## EXERCISE GOAL:
An exact copy is all that is wanted: the lines from the one with "Fodax Balans on" through the end of the listing below, both included, minus any pictures.

## RECORDED INFORMATION:
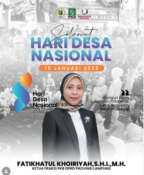 Peringatan Hari Desa Nasional yang jatuh pada 15 Januari 2025 menjadi momentum penting untuk memperkuat pembangunan desa sebagai fondasi kemajuan bangsa. Hal tersebut disampaikan oleh Fatikhatul Khoiriyah, Ketua Fraksi PKB di DPRD Provinsi Lampung, melalui unggahan media sosialnya.
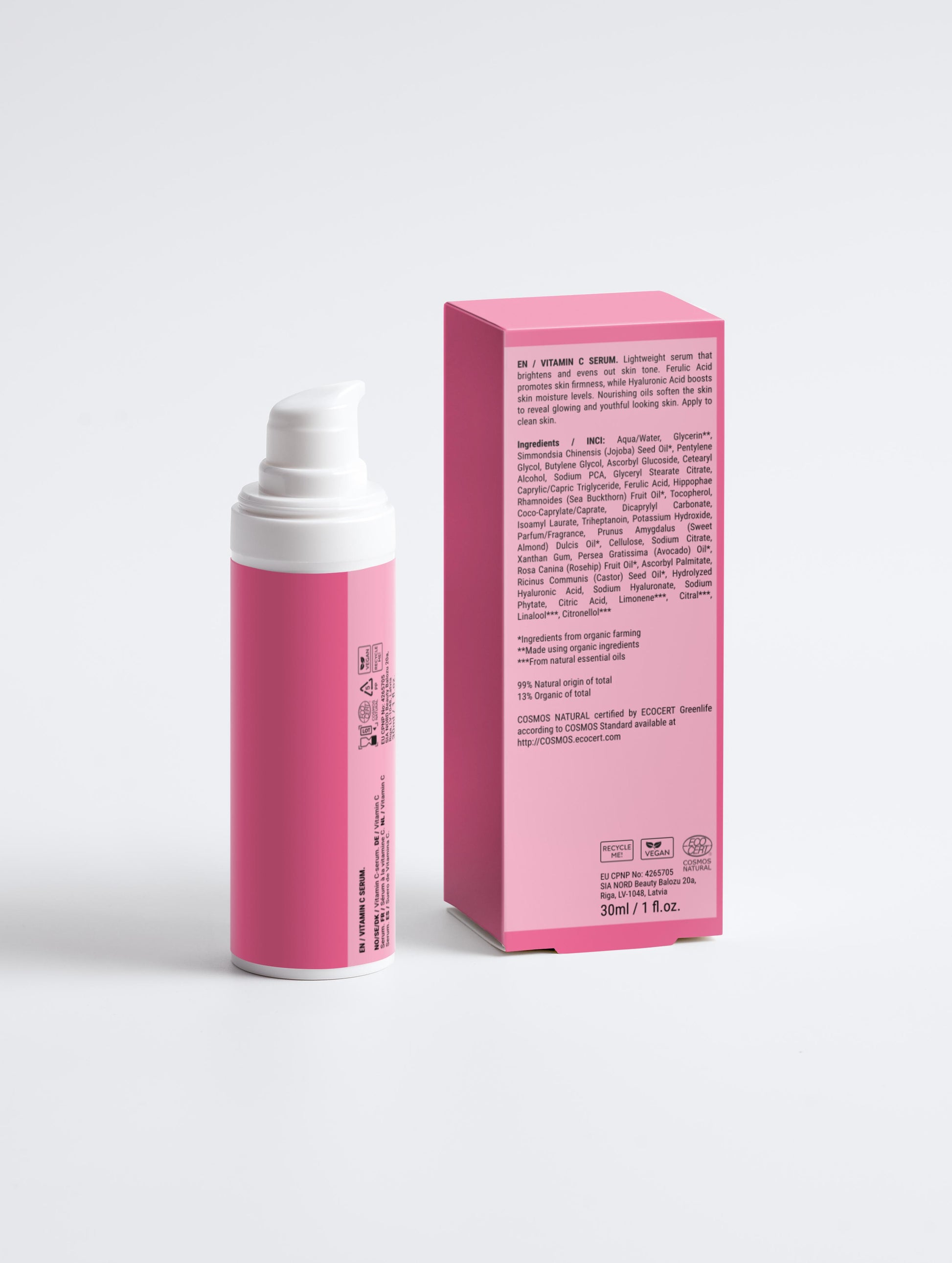Aqua/Water, Glycerin➁, Simmondsia Chinensis (Jojoba) Seed Oil➀, Pentylene Glycol, Butylene Glycol, Ascorbyl Glucoside, Cetearyl Alcohol, Sodium PCA, Glyceryl Stearate Citrate, Caprylic/Capric Triglyceride, Ferulic Acid, Hippophae Rhamnoides (Sea Buckthorn) Fruit Oil➀, Tocopherol, Coco-Caprylate/Caprate, Dicaprylyl Carbonate, Isoamyl Laurate, Triheptanoin, Potassium Hydroxide, Parfum/Fragrance, Prunus Amygdalus (Sweet Almond) Dulcis Oil➀, Cellulose, Sodium Citrate, Xanthan Gum, Persea Gratissima (Avocado) Oil➀, Rosa Canina (Rosehip) Fruit Oil➀, Ascorbyl Palmitate, Ricinus Communis (Castor) Seed Oil➀, Hydrolyzed Hyaluronic Acid, Sodium Hyaluronate, Sodium Phytate, Citric Acid, Limonene➂, Citral➂, Linalool➂, Citronellol➂
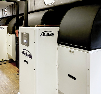 Zum Einsatz kamen weiterentwickelte MPE-Kaltwassersätze von Galletti, die kompakt und für Kanalanschluss konzipiert sind. Zudem sind sie mit Radialventilatoren ausgestattet, mit deren Hilfe es möglich ist, einen nutzbaren statischen Druck von bis zu 300 Pa zu erreichen. Die Geräte sind mit einem Luftaustritt mit vertikaler oder horizontaler Luftführung verfügbar, was bei diesem Projekt den Übergang zum Kanalsystem erheblich erleichterte. Die Vielfalt von Leistungsstufen bei der Baureihe MPED von 7 bis 76 kW ermöglichte eine optimale Auswahl der Maschinen mit passenden Dimensionen für den Archivraum.
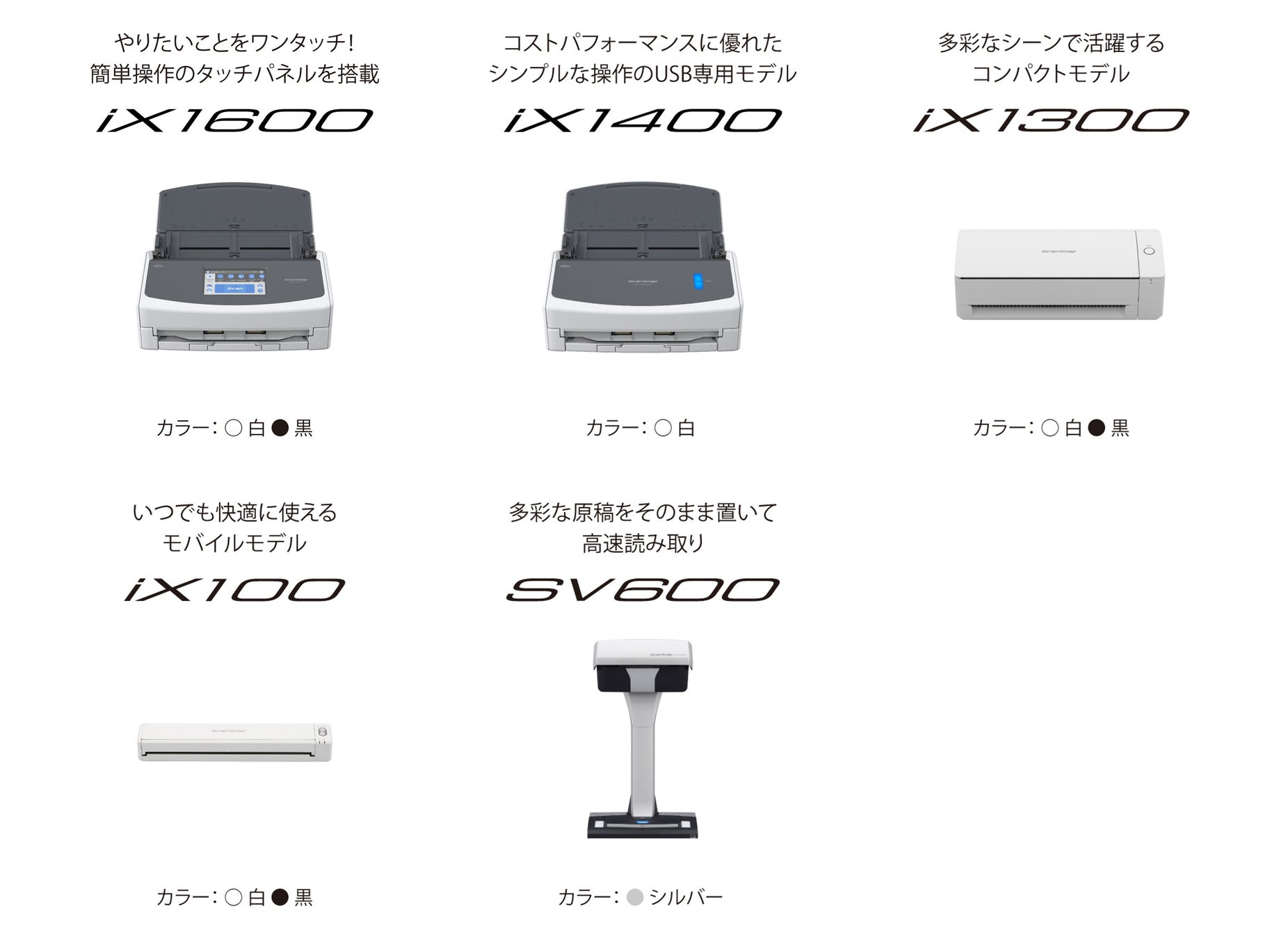 ・販売機種 : ScanSnap iX1600、iX1400、iX1300、iX100、SV600
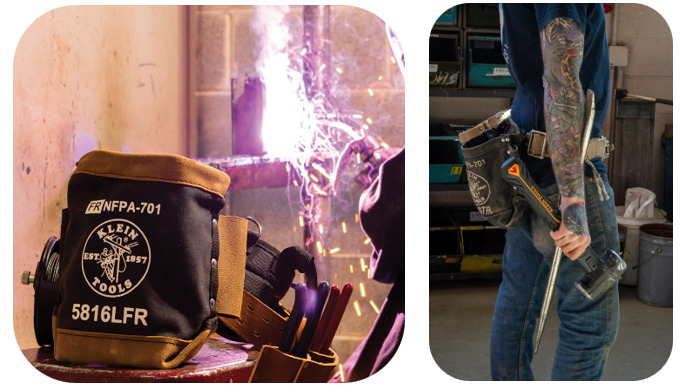 La bolsa está fabricada en cuero resistente y lona ignífuga #4 permitiendo al profesional trabajar cerca de zonas con riesgo de ignición, su diseño tipo bisagra a presión mantiene la bolsa abierta (para facilitar el acceso) o cerrada (para asegurar las herramientas).
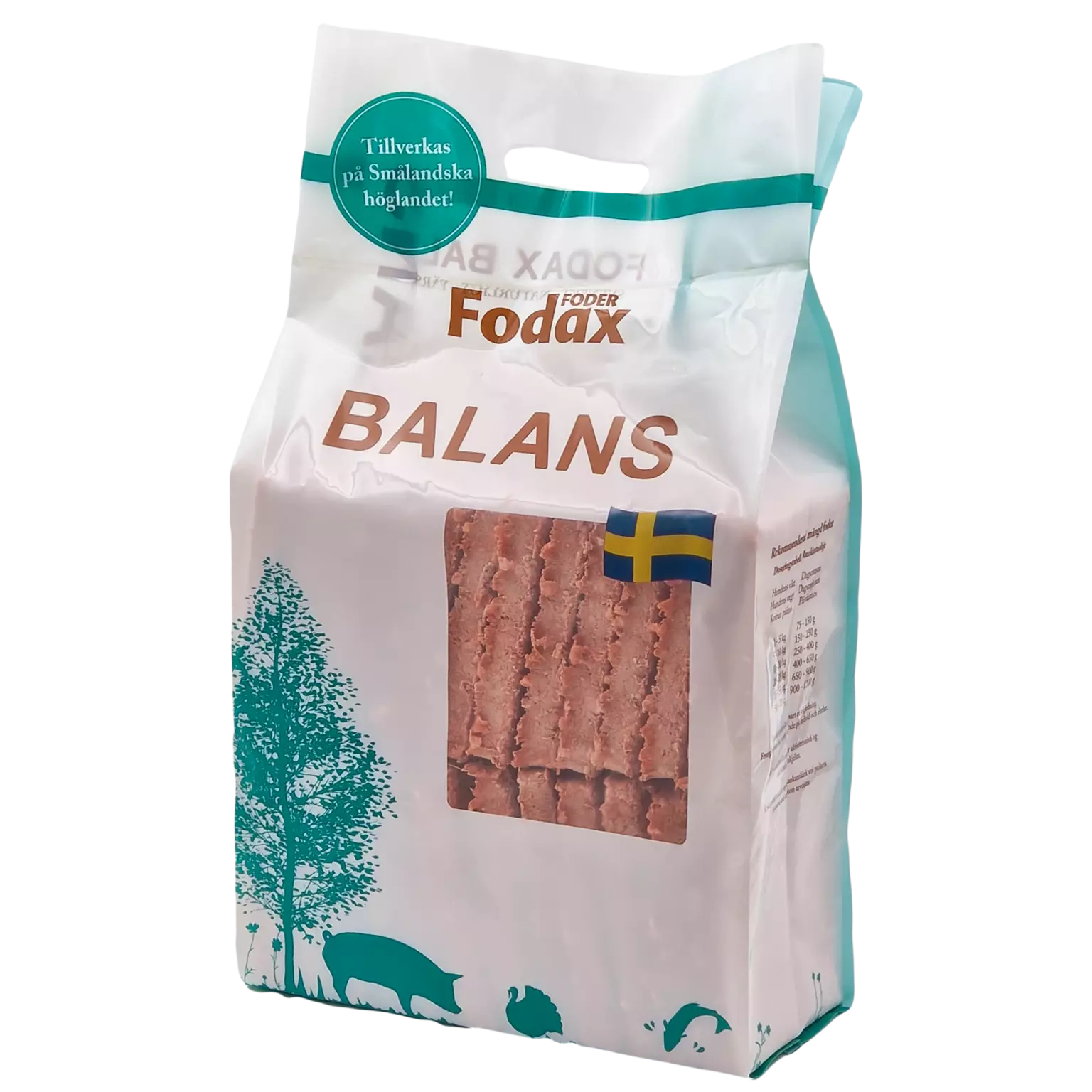 Fodax Balans on suunniteltu erityisesti herkkävatsaisille koirille, joiden energian saannin tarve on madaltunut. Vähäkalorisempi resepti on kuitenkin erittäin maistuva ja se sisältää runsaasti lohen luonnollisia omega-rasvahappoja, jotka edistävät ihon, turkin, sydämen ja vatsan toimintaa ja kuntoa. Pakkaus (10kg) sisältää 23-27 kappaletta annoslevyjä. Yksi levy painaa n. 380-435 grammaa.
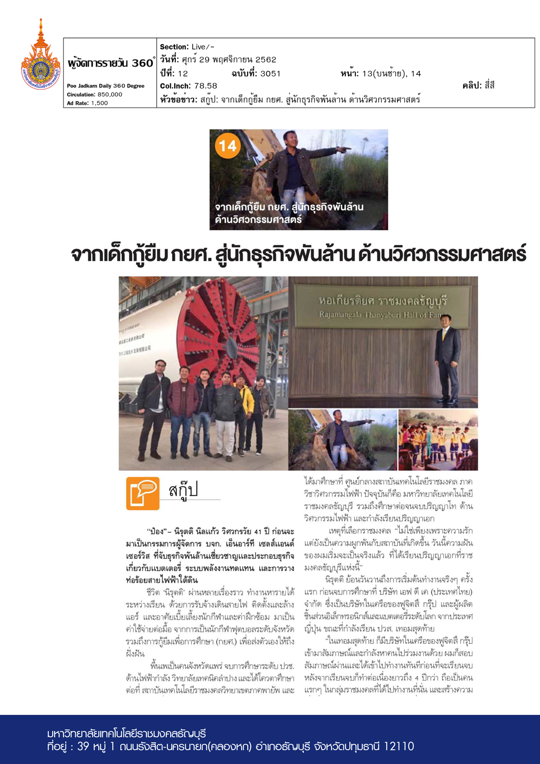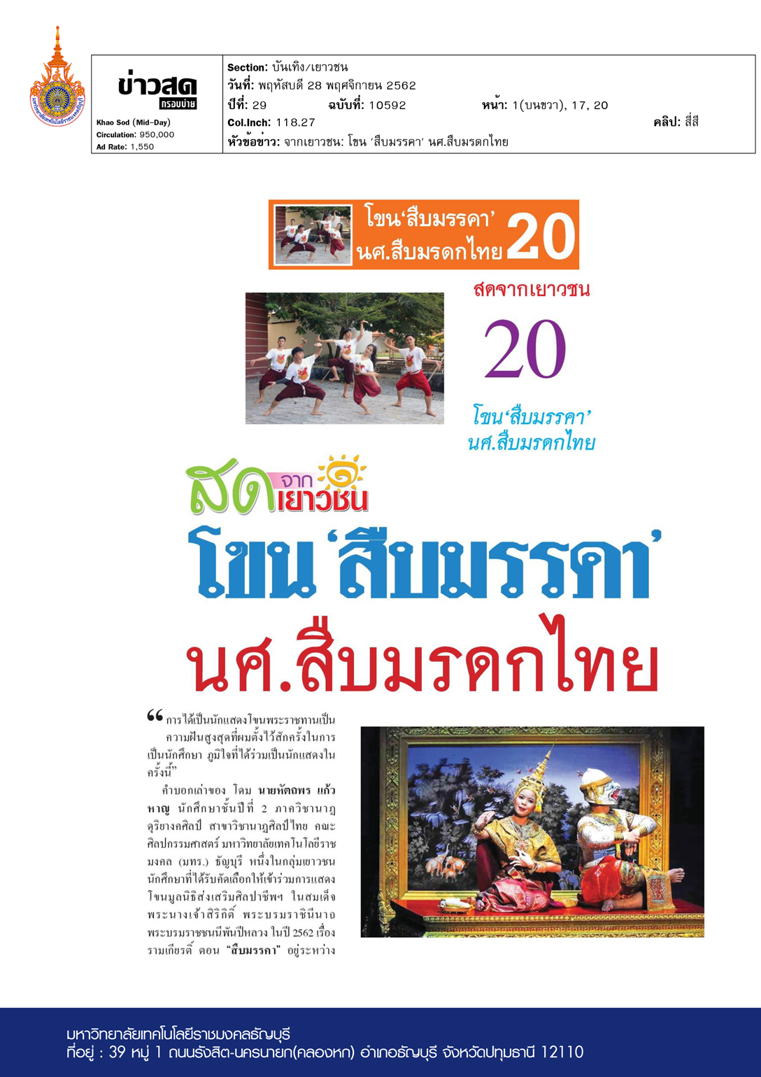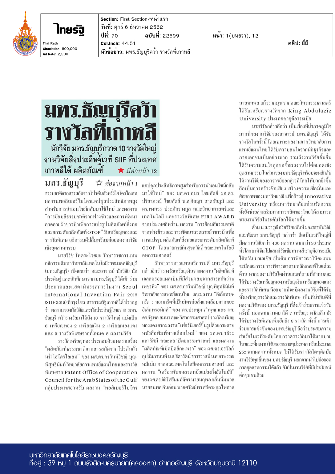 ไทยรัฐ ฉบับวันที่ 6 ธันวาคม พ.ศ. 2562 นักวิจัย มทร.ธัญบ […]
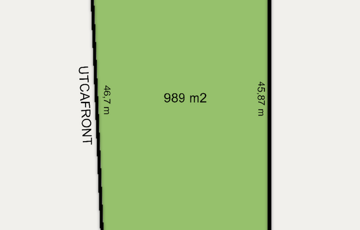 A hirdetésben szereplő sarki telek 989 m2, kiválóan alkalmas ikerház építésére is, mivel két utcafronttal rendelkezik.
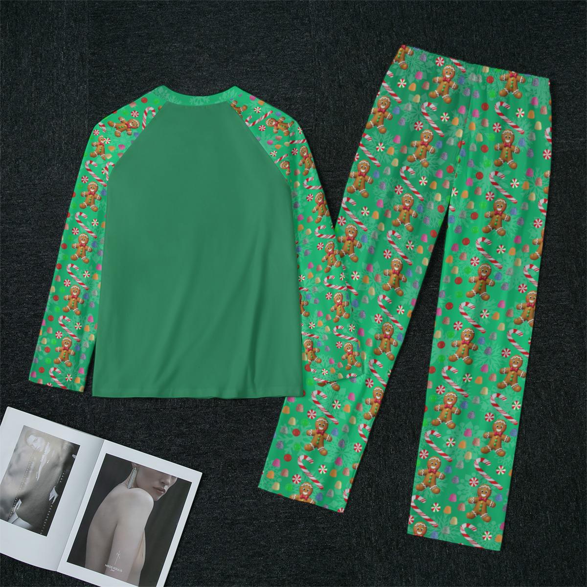 Stay cozy this holiday season with this adorable set of pajamas featuring a charming gingerbread man surrounded by Christmas candy on a festive green background. Perfect for lounging or sleeping, this set is sure to bring some extra cheer to your winter nights. Get into the holiday spirit with these comfy pajamas! Pair it up with other sizes for the whole family!
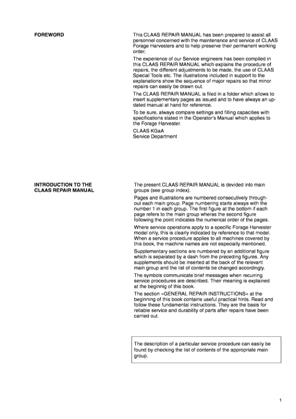 Claas Jaguar 880 820 Forage Harvester Repair Manual

## ANSWER TO THIS TASK:
 Fodax Balans on suunniteltu erityisesti herkkävatsaisille koirille, joiden energian saannin tarve on madaltunut. Vähäkalorisempi resepti on kuitenkin erittäin maistuva ja se sisältää runsaasti lohen luonnollisia omega-rasvahappoja, jotka edistävät ihon, turkin, sydämen ja vatsan toimintaa ja kuntoa. Pakkaus (10kg) sisältää 23-27 kappaletta annoslevyjä. Yksi levy painaa n. 380-435 grammaa.
 ไทยรัฐ ฉบับวันที่ 6 ธันวาคม พ.ศ. 2562 นักวิจัย มทร.ธัญบ […]
 A hirdetésben szereplő sarki telek 989 m2, kiválóan alkalmas ikerház építésére is, mivel két utcafronttal rendelkezik.
 Stay cozy this holiday season with this adorable set of pajamas featuring a charming gingerbread man surrounded by Christmas candy on a festive green background. Perfect for lounging or sleeping, this set is sure to bring some extra cheer to your winter nights. Get into the holiday spirit with these comfy pajamas! Pair it up with other sizes for the whole family!
 Claas Jaguar 880 820 Forage Harvester Repair Manual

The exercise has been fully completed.